DATA TO PROCESS |
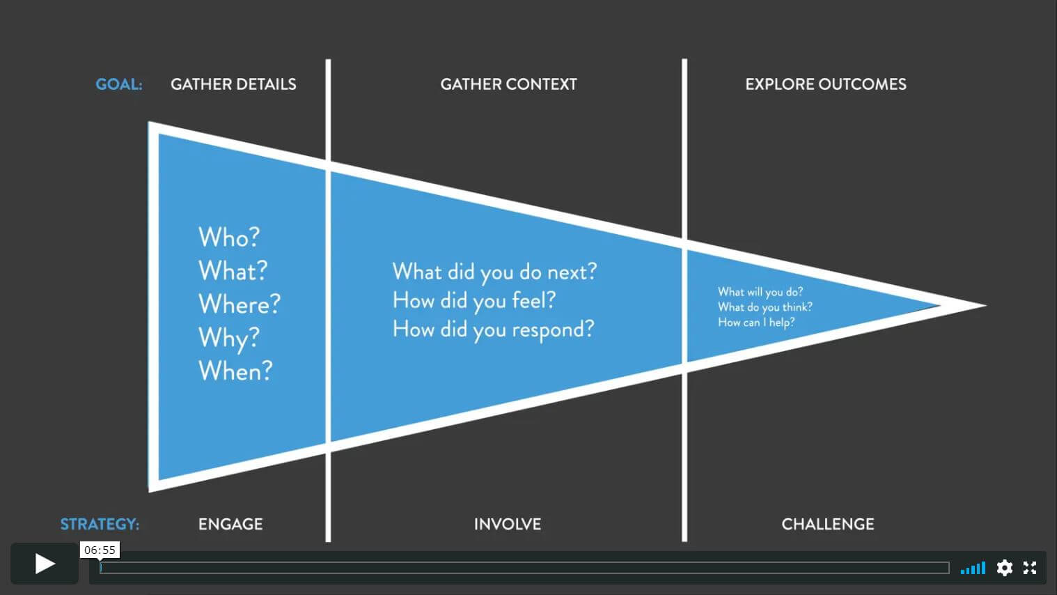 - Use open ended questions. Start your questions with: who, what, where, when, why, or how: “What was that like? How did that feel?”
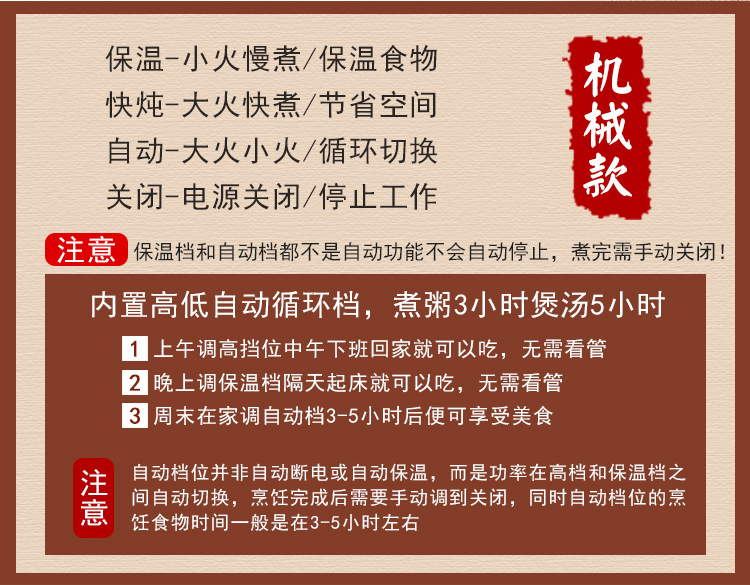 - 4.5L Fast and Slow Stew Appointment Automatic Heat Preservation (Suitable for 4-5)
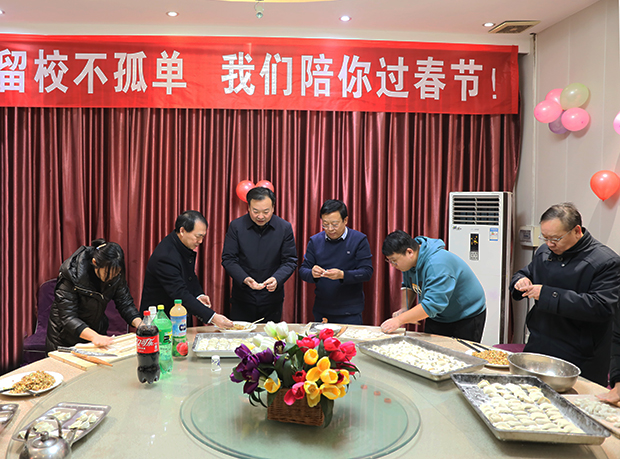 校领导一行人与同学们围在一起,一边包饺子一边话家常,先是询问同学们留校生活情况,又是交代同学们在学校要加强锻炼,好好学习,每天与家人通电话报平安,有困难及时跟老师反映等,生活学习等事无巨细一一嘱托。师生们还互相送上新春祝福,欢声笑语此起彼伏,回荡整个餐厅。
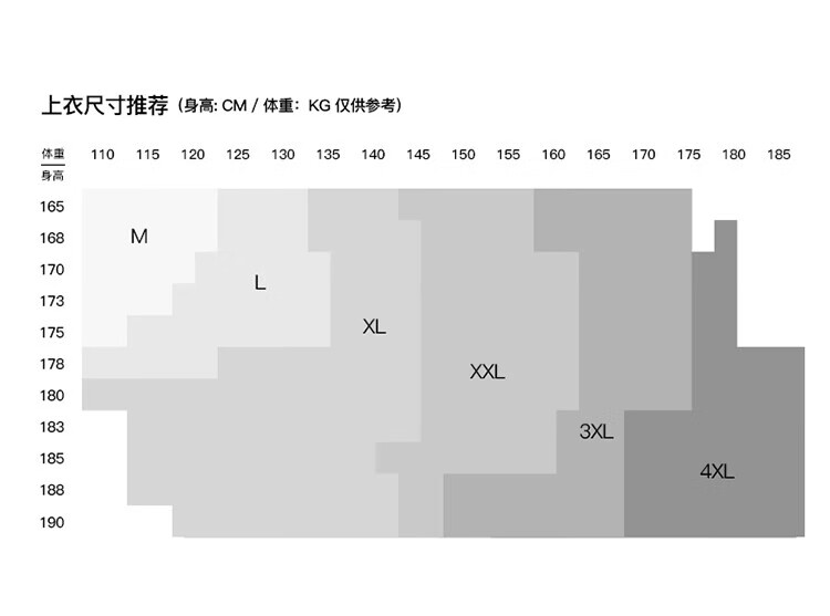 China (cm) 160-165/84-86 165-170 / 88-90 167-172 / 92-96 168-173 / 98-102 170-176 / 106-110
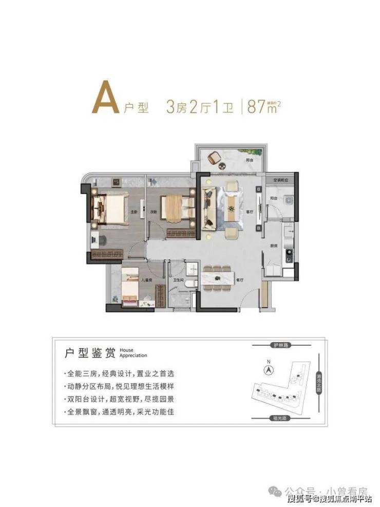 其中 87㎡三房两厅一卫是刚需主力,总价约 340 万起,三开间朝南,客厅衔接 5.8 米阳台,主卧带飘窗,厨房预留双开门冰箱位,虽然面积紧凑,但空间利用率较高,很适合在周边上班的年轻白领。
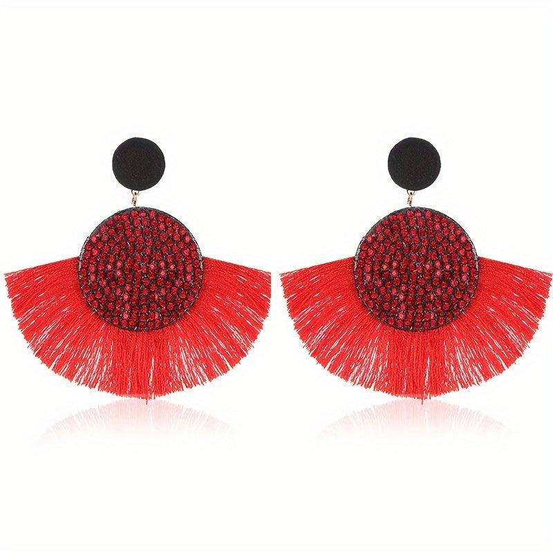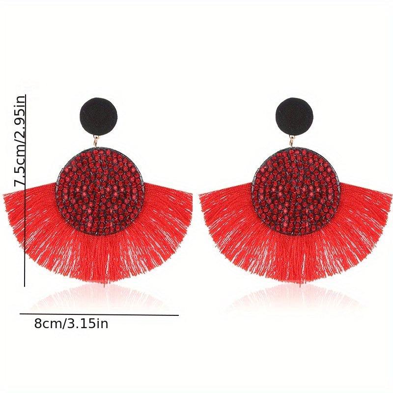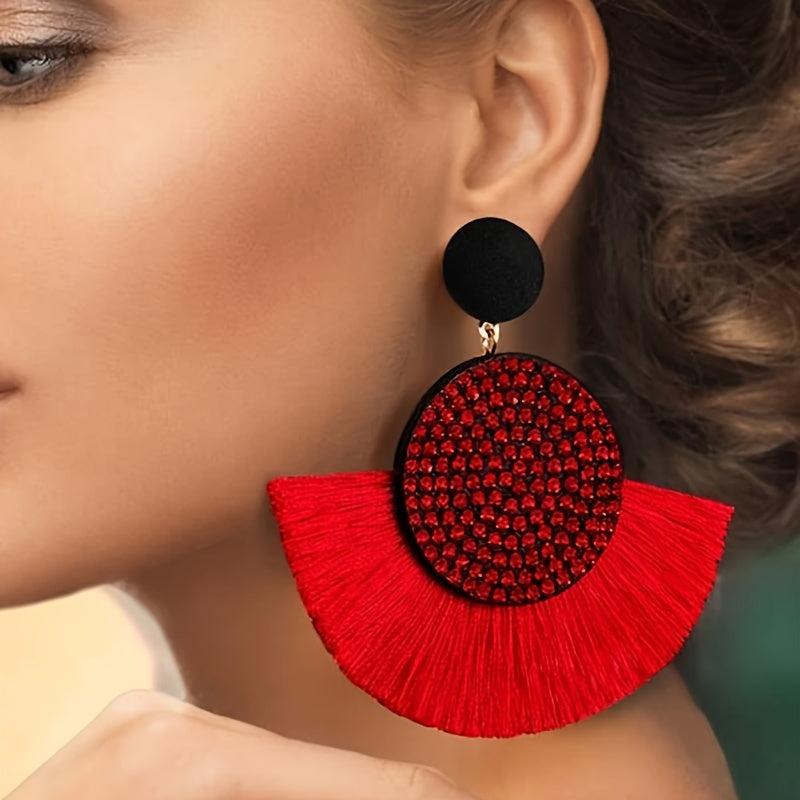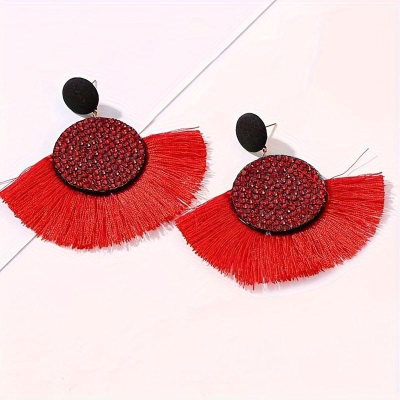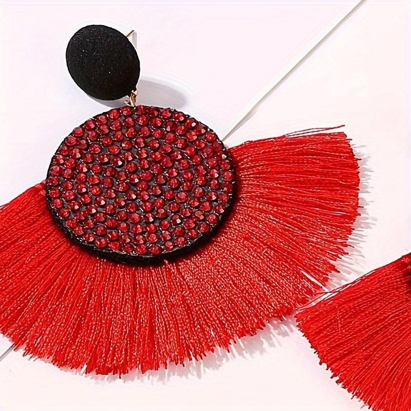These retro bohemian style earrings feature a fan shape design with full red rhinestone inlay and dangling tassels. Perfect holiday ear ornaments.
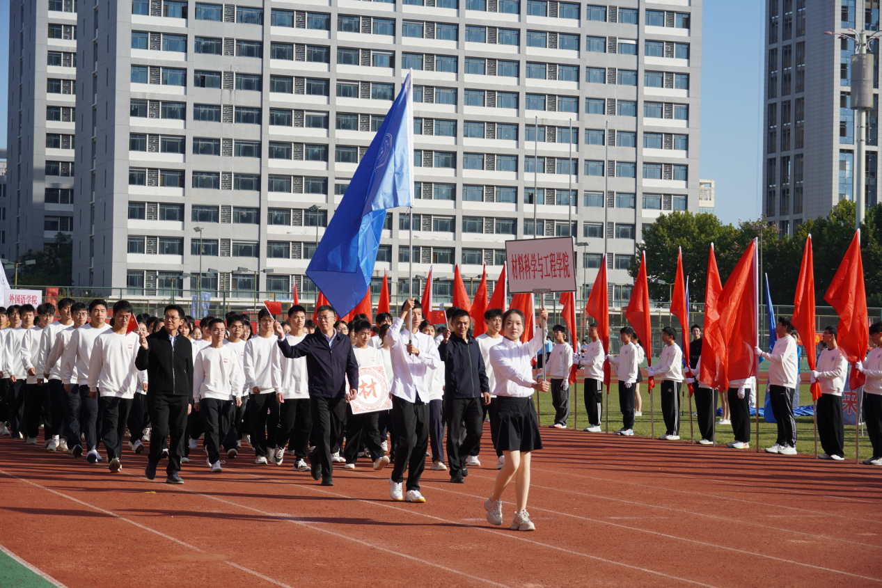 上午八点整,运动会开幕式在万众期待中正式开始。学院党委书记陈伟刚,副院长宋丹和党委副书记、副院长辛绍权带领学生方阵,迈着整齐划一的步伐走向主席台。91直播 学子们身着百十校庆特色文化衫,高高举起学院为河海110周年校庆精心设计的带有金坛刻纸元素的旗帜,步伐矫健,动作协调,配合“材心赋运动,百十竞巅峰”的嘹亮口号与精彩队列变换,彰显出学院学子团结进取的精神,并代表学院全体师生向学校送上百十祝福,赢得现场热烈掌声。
---
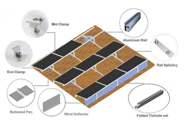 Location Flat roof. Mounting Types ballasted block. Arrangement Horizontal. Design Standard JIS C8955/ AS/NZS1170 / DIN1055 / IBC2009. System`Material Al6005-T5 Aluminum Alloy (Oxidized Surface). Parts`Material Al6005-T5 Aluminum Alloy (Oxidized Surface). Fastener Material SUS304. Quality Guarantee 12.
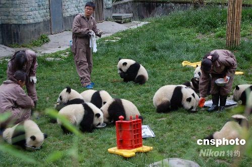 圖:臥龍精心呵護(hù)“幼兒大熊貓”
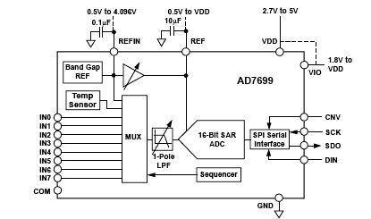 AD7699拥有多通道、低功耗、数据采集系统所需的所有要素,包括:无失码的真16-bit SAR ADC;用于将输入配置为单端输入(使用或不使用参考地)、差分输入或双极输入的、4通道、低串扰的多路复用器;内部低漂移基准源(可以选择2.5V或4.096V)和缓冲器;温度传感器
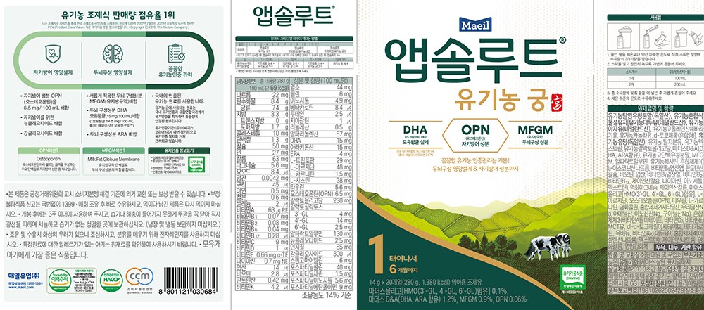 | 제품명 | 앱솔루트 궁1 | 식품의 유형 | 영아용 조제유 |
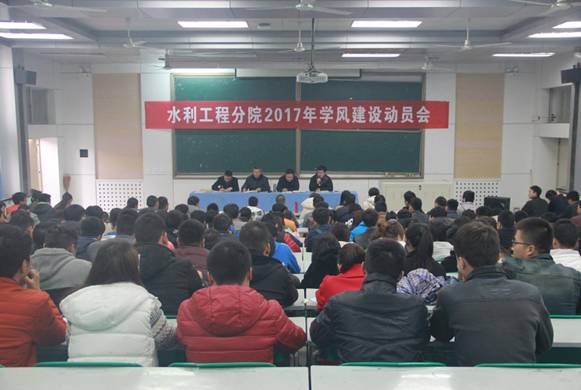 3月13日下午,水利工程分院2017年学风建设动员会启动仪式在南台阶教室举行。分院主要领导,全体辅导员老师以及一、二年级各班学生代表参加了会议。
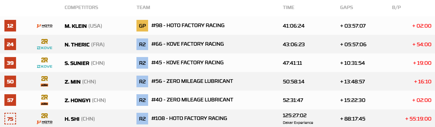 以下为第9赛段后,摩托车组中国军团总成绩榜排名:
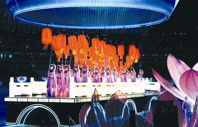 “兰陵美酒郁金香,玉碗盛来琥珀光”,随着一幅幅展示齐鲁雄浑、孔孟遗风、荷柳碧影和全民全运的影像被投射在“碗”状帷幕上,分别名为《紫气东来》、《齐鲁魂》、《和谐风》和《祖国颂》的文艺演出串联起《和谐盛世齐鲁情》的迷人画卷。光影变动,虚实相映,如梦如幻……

WHAT THE TASK ASKS |
Only the lines above starting with the line with "其中 87㎡三房两厅一卫是刚需主力,总价约 340" and going on through the line with "上午八点整,运动会开幕式在万" belong in the answer; repeat them exactly, minus any picture.

RESPONSE |
 其中 87㎡三房两厅一卫是刚需主力,总价约 340 万起,三开间朝南,客厅衔接 5.8 米阳台,主卧带飘窗,厨房预留双开门冰箱位,虽然面积紧凑,但空间利用率较高,很适合在周边上班的年轻白领。
These retro bohemian style earrings feature a fan shape design with full red rhinestone inlay and dangling tassels. Perfect holiday ear ornaments.
 上午八点整,运动会开幕式在万众期待中正式开始。学院党委书记陈伟刚,副院长宋丹和党委副书记、副院长辛绍权带领学生方阵,迈着整齐划一的步伐走向主席台。91直播 学子们身着百十校庆特色文化衫,高高举起学院为河海110周年校庆精心设计的带有金坛刻纸元素的旗帜,步伐矫健,动作协调,配合“材心赋运动,百十竞巅峰”的嘹亮口号与精彩队列变换,彰显出学院学子团结进取的精神,并代表学院全体师生向学校送上百十祝福,赢得现场热烈掌声。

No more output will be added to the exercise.